Julaine Appling, the executive director of Wisconsin Family Action, a socially conservative organization that opposes homosexuality, unsuccessfully petitioned the Supreme Court to take jurisdiction in an original action in 2009. The domestic partner registry has since been ruled constitutional by Dane County Judge Daniel Moeser, with that decision upheld by a state appeals court.
The appeals court ruled that, when considering eligibility requirements, formation requirements, rights, obligations, and termination requirements, "the 'legal status' of a domestic partnership is not 'substantially similar' to the 'legal status' of marriage."
Appling and her co-plaintiffs appealed to the Supreme Court shortly after the December 2012 appeals court ruling and the high court agreed to hear the case in June 2013.
According to a brief (PDF) filed with the Supreme Court, Appling and her co-plaintiffs will argue that "the Legislature deliberately designed domestic partnerships to mimic marriage" in violation of the state constitution, and that the intent of the constitutional ban on gay marriage was to deny legal status to anything like Wisconsin's domestic partner registry.
In fact, Appling's brief states that opponents of the constitutional ban and the media "flooded voters" with the message that the amendment would preclude legal statuses like domestic partnerships, and that the supporters of the ban confirmed that message: "Indeed, as the Court of Appeals recognized, 'many opponents adopted the strategy of warning that the marriage amendment would ban domestic partnerships and civil unions.'"
Fair Wisconsin, the state's largest gay rights group and the intervening defendants in the case, disputes Appling's argument about the ban's original intent in its brief to the Wisconsin Supreme Court.
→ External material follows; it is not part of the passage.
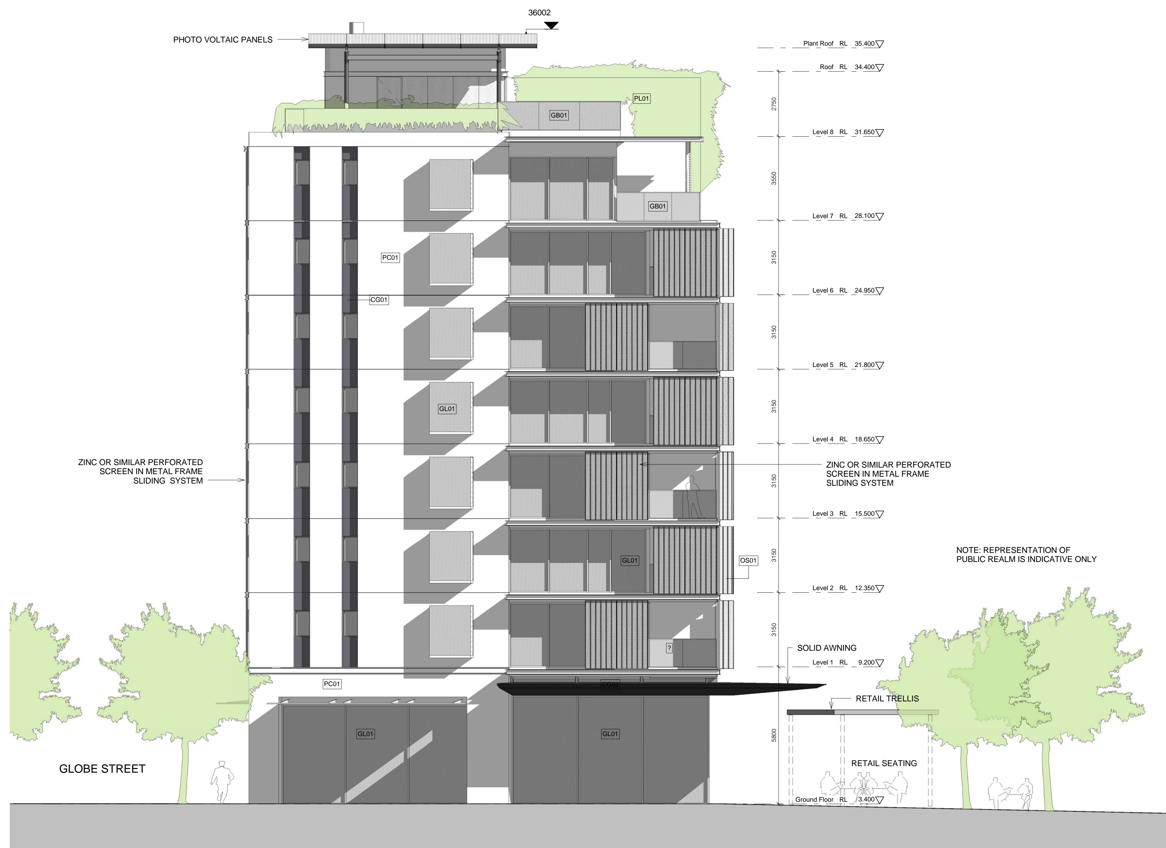
1 North Elevation 1 : 100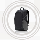
ThinkPad Active Backpack

The brief cites several statements from lawmakers and Appling herself, who in 2005 wrote in an op-ed for The Daily Cardinal that the ban "does not preclude the state legislature from considering some legal construct -- call it what you will -- that would give select benefits to cohabiting adults."
The brief also argues that the few protections offered through the registry do not mimic the hundreds of protections provided to married couples.
"The limited protections provided by domestic partnerships are a far cry from the significant rights, benefits and responsibilities associated with marriage," Christopher Clark, a senior staff attorney for Lambda Legal, which is representing Fair Wisconsin and a number of gay couples, said in a press release. "To suggest that that the two types of relationships are impermissibly similar is an antigay stretch of the imagination."
Attorney General J.B. Van Hollen refused to defend the domestic partnership registry when Appling filed her challenge in 2009, which prompted Doyle to hire the law firm Cullen Weston Pines & Bach to defend the state. Shortly after Scott Walker became governor he fired the law firm and refused to defend the law.
Oral arguments are scheduled for 1:30 p.m. Wednesday, Oct. 23, and can be streamed via Wisconsin Eye. The Supreme Court's decision is likely to be announced in 2014.